Take the material below and reproduce, word for word, only the lines from the line with "TWO Individual Paper" through the line with "عضو اللجنة التنفيذية".

→ SUPPLIED MATERIAL:

+===+

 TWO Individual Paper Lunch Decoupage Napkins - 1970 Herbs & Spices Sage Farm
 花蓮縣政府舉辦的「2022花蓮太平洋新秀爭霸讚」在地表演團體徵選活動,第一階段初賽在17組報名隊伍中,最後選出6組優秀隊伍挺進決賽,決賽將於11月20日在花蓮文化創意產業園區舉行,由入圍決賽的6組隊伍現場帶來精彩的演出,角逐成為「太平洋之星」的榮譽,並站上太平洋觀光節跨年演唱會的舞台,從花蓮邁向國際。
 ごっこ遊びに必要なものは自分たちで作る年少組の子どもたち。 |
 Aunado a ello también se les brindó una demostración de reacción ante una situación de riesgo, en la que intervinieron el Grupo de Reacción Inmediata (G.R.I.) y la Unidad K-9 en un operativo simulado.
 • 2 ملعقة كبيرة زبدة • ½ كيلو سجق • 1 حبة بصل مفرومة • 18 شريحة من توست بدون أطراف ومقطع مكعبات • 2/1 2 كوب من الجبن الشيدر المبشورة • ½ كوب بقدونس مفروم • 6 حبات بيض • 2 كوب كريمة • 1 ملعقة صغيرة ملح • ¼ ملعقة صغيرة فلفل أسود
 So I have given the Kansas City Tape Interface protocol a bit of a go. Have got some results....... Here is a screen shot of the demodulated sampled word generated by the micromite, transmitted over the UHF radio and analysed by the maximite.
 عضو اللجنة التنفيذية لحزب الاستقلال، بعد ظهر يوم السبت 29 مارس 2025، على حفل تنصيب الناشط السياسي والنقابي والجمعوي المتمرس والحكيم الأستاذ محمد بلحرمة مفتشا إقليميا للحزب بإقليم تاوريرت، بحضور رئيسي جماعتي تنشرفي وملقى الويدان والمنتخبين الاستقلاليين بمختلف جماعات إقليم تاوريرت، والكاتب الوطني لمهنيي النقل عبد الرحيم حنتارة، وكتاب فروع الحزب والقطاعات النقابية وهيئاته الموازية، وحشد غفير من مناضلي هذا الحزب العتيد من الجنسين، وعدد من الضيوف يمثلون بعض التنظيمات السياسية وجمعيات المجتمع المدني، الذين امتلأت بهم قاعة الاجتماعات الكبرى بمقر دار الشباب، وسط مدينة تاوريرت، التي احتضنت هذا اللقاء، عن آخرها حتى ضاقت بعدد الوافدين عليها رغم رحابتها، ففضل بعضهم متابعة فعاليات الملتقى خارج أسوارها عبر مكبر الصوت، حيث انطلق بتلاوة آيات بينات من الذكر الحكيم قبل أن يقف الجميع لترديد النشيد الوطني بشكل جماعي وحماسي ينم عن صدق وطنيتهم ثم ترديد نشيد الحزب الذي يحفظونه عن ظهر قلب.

+===+

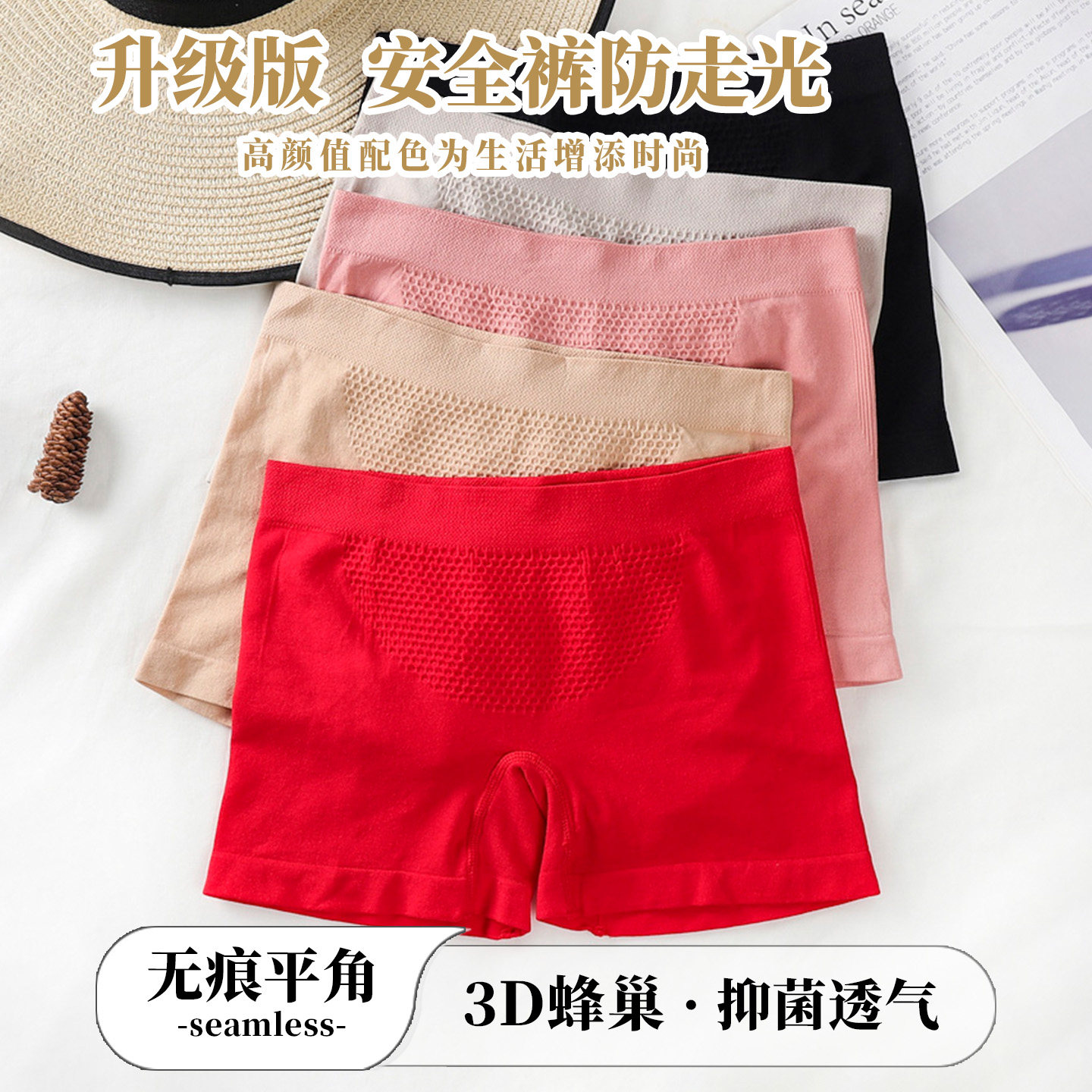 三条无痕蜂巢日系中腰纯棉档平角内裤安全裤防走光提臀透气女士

+===+

→ RESPONSE TO THE TASK:
 TWO Individual Paper Lunch Decoupage Napkins - 1970 Herbs & Spices Sage Farm
 花蓮縣政府舉辦的「2022花蓮太平洋新秀爭霸讚」在地表演團體徵選活動,第一階段初賽在17組報名隊伍中,最後選出6組優秀隊伍挺進決賽,決賽將於11月20日在花蓮文化創意產業園區舉行,由入圍決賽的6組隊伍現場帶來精彩的演出,角逐成為「太平洋之星」的榮譽,並站上太平洋觀光節跨年演唱會的舞台,從花蓮邁向國際。
 ごっこ遊びに必要なものは自分たちで作る年少組の子どもたち。 |
 Aunado a ello también se les brindó una demostración de reacción ante una situación de riesgo, en la que intervinieron el Grupo de Reacción Inmediata (G.R.I.) y la Unidad K-9 en un operativo simulado.
 • 2 ملعقة كبيرة زبدة • ½ كيلو سجق • 1 حبة بصل مفرومة • 18 شريحة من توست بدون أطراف ومقطع مكعبات • 2/1 2 كوب من الجبن الشيدر المبشورة • ½ كوب بقدونس مفروم • 6 حبات بيض • 2 كوب كريمة • 1 ملعقة صغيرة ملح • ¼ ملعقة صغيرة فلفل أسود
 So I have given the Kansas City Tape Interface protocol a bit of a go. Have got some results....... Here is a screen shot of the demodulated sampled word generated by the micromite, transmitted over the UHF radio and analysed by the maximite.
 عضو اللجنة التنفيذية لحزب الاستقلال، بعد ظهر يوم السبت 29 مارس 2025، على حفل تنصيب الناشط السياسي والنقابي والجمعوي المتمرس والحكيم الأستاذ محمد بلحرمة مفتشا إقليميا للحزب بإقليم تاوريرت، بحضور رئيسي جماعتي تنشرفي وملقى الويدان والمنتخبين الاستقلاليين بمختلف جماعات إقليم تاوريرت، والكاتب الوطني لمهنيي النقل عبد الرحيم حنتارة، وكتاب فروع الحزب والقطاعات النقابية وهيئاته الموازية، وحشد غفير من مناضلي هذا الحزب العتيد من الجنسين، وعدد من الضيوف يمثلون بعض التنظيمات السياسية وجمعيات المجتمع المدني، الذين امتلأت بهم قاعة الاجتماعات الكبرى بمقر دار الشباب، وسط مدينة تاوريرت، التي احتضنت هذا اللقاء، عن آخرها حتى ضاقت بعدد الوافدين عليها رغم رحابتها، ففضل بعضهم متابعة فعاليات الملتقى خارج أسوارها عبر مكبر الصوت، حيث انطلق بتلاوة آيات بينات من الذكر الحكيم قبل أن يقف الجميع لترديد النشيد الوطني بشكل جماعي وحماسي ينم عن صدق وطنيتهم ثم ترديد نشيد الحزب الذي يحفظونه عن ظهر قلب.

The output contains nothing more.